Given information:

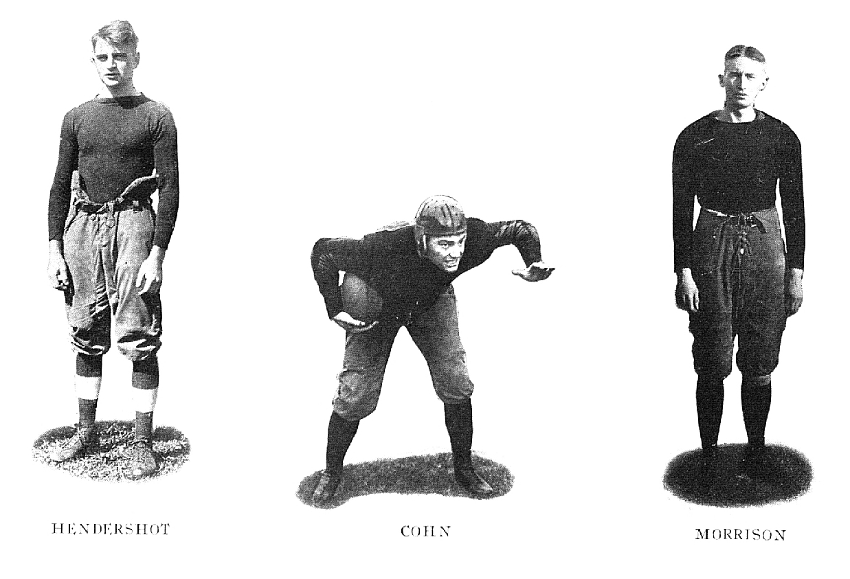 Photograph of 1918 Michigan football players Hendershoot, Cohn and Morrison
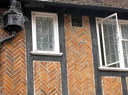 Herringbone pattern brickwork, medieval Canterbury UK Bill Bradley, aka builderbll, billbeee My own work Feel free to use the work without removing my attribution. You can contact me at my website for higher definition images.My site.)
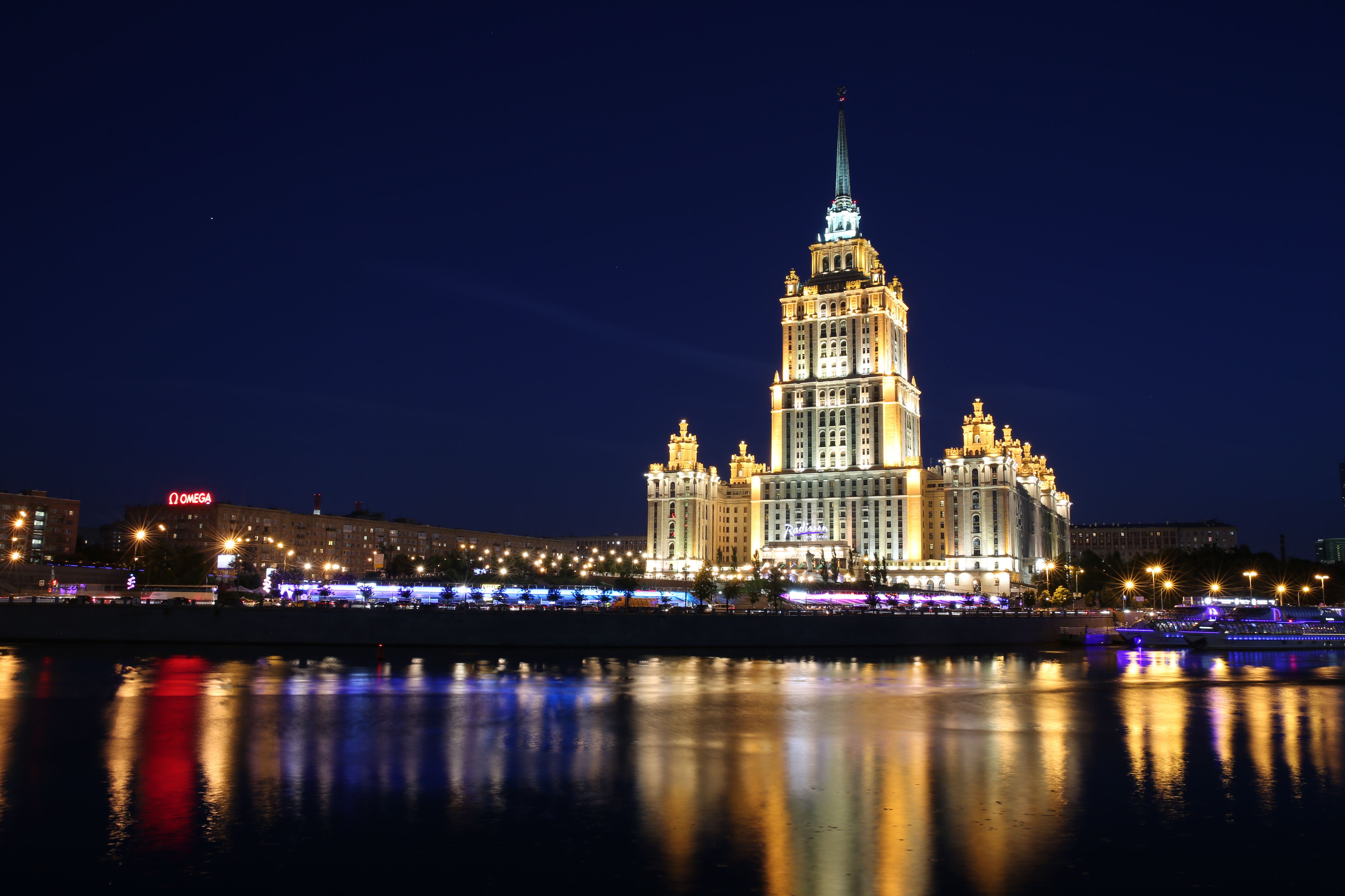 Hotel Ukraina, Moscow (Radisson Royal Moscow)

Exercise aim: Lines before the one containing "Herringbone pattern brickwork, medieval" are not wanted; write out that line and every later line through the end of the data above, exactly, without pictures.

Reply to the task:
 Herringbone pattern brickwork, medieval Canterbury UK Bill Bradley, aka builderbll, billbeee My own work Feel free to use the work without removing my attribution. You can contact me at my website for higher definition images.My site.)
 Hotel Ukraina, Moscow (Radisson Royal Moscow)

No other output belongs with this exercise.